Support groups for people with addiction, cancer and more are adapting during the coronavirus outbreak

Most are moving meetings online or over the phone.
4 min. read
Denver Health on Bannock in Lincoln Park. (Kevin J. Beaty/Denverite)

When a new program for Denver Health staff launched in January, it was intended to provide support for doctors and nurses who had undergone stressful events like losing a patient.

Denver Health music psychotherapist Maria Schimpf said Resilience in Stressful Events, or RISE, was developed by Johns Hopkins Medicine and Maryland Patient Safety Center and included in-person group support sessions and one-on-one meetings. Schimpf helped bring the program to Denver Health and now runs it.

She said RISE is now helping doctors, nurses, volunteers and other staff cope primarily with one stressful event: the coronavirus outbreak.

“We had no idea what was waiting for us,” she said.

Denver Health has shifted its RISE group meetings for groups and individuals to pre-scheduled virtual meetings. Twenty-seven new peer responders were recently added to lead the group and individual sessions. 
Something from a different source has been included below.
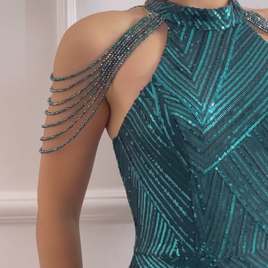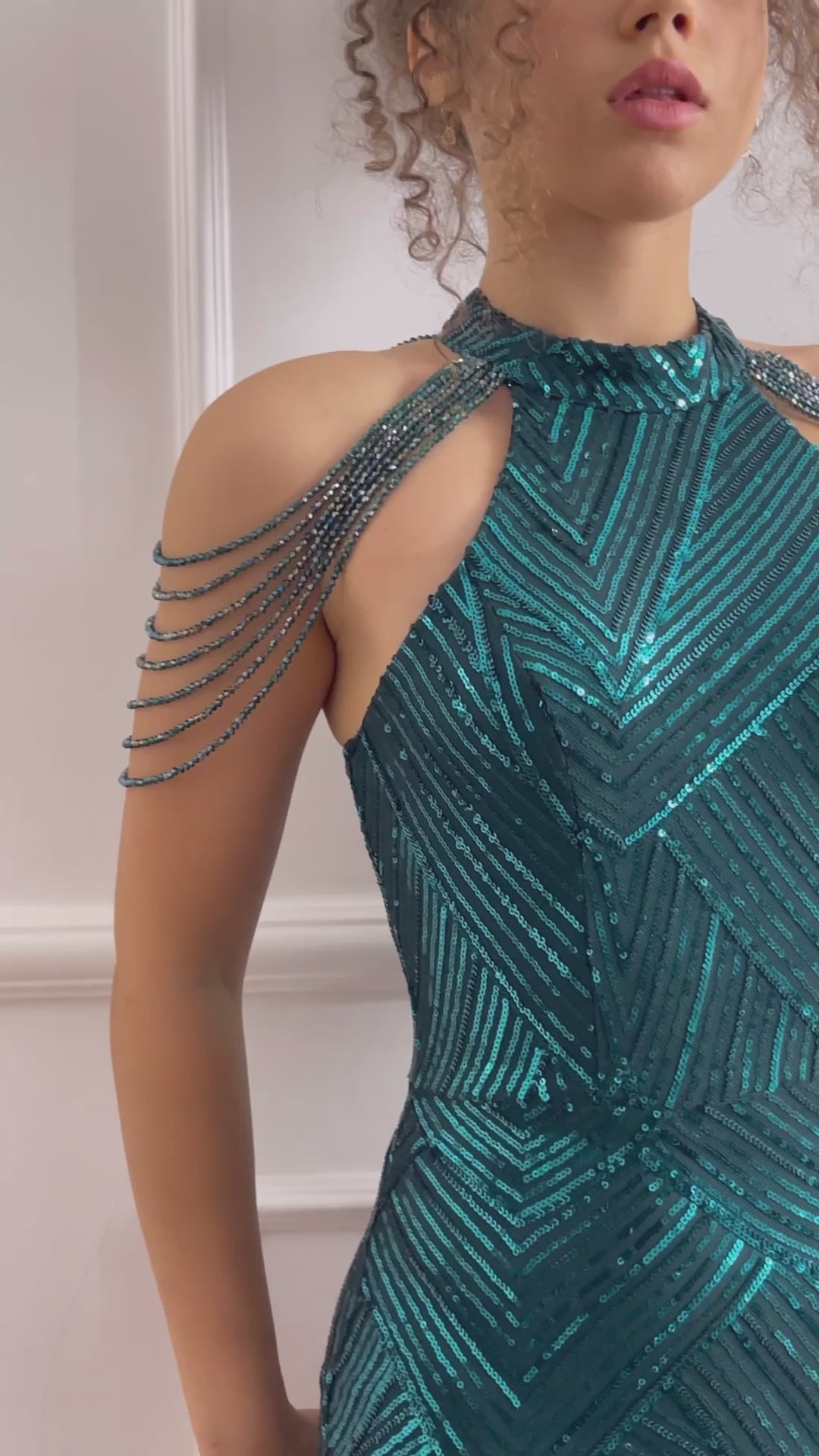 Modello: Abito da cerimonia a sirena con una costruzione che valorizza la figura in modo deciso e armonioso. La linea aderisce lungo busto, vita e fianchi, poi si apre in una svasatura controllata che accompagna il passo senza appesantire. Il corpino presenta un collo alto che slancia il portamento e un’apertura sulla spalla che lascia scoperti i lati superiori delle braccia. Da qui partono catene di micro-gioielli che scendono in più livelli, creando un gioco di curve luminose che incornicia il décolleté senza scoprirlo eccessivamente. L’intero abito è ricamato con motivi geometrici che si intersecano e guidano l’occhio lungo le linee della silhouette. Il risultato è un effetto scolpito e moderno, con una brillantezza elegante che rimane sempre ben dosata. È un modello pensato per serate formali, eventi di grande presenza scenica e cerimonie in cui si punta a un’eleganza iconica.

“So in many cases, this is no longer one department struggling with the death of patient … but is instead people who are struggling with how they’re personally and professionally impacted by COVID-19,” Schimpf said.

This week, Denver Health converted a therapeutic children’s playroom, which can’t be used at the moment since groups of people are being discouraged, into a staff support space. The playspace was donated by country musician Garth Brooks and opened on Monday.

The coronavirus outbreak is not the first time Alcoholic Anonymous members have been forced to meet remotely.

At least, that’s according to Abby — who, in the tradition of AA’s anonymity, asked us to only use her first name. She works out of the offices for the Denver Area Central Committee of Alcoholics Anonymous.

Workers don scrubs as people line up in cars for testing at the Colorado Department of Health and Environment's COVID-19 testing station in Lowry. March 11, 2020. (Kevin J. Beaty/Denverite)

Over email, Abby quoted AA’s literature about how the organization perseveres: “Modem-to-modem or face to face, A.A.’s speak the language of the heart in all its power and simplicity.”

The Denver AA’s central office on Zuni Street is closed through April 11 due to the outbreak. But it hasn’t stopped members from meeting online and over the phone. Abby said online meetings are drawing anywhere between 6 and 150 people.

More than 200 local AA meetings have moved to “virtual” meetings on phone, email, text or video conferencing, Abby said.

“Today there is a website dedicated to listing online and telephone AA meetings,” Abby said in the email. “So all these folks who came before us have helped pave the way for what many of us are experiencing today.”

Abby said in its 85-year history, AA has been able to help people achieve sobriety and stay connected through a variety of ways, from in-person meetings to phone calls. Abby said in 1944, the group’s journal, AA Grapevine, helped connect people in the armed services living in remote communities. The organization held its first online meeting around 1986.

Marcia Donziger is the vice president of digital strategy and business development for the Cancer Support Community, a nonprofit providing free support services for cancer patients and their families. Donziger is based in Denver, where the organization has its digital hub.

Donziger said most of of CSC’s cancer support groups in Colorado have always met online or over the phone, so it hasn’t had to change much because of the coronavirus. But far more people have utilized its services lately. Donziger says the organization’s website has seen 150 percent more visitors. People can connect through discussion boards for things like health and nutrition, grief and loss, parenting with cancer and coping with side effects from treatment.

Donziger said she recently learned about a woman who posted about her husband dying in January and the trouble she was facing grieving amid the outbreak. That person ended up being contacted by another person who lost their partner the same day to cancer.

“They connected on this (online) board, which has been a really special, kind of coincidental connection, because what are the odds that you lost your spouses on the exact same day?” Donziger said.

A converted therapeutic children's playroom at Denver Health. Photo courtesy of Denver Health.

CSC has also recently been offering Zoom meetings, making programs more accessible, especially in rural areas and for people without access to transportation.

“I think because there is a platform like Zoom, which is HIPPA-compliant, that we’re going to be able to offer almost every service online,” Donziger said. “I think it’s a positive for us because sometimes when you have cancer and you need to access that support group, you feel too sick … but it’s so easy to access.”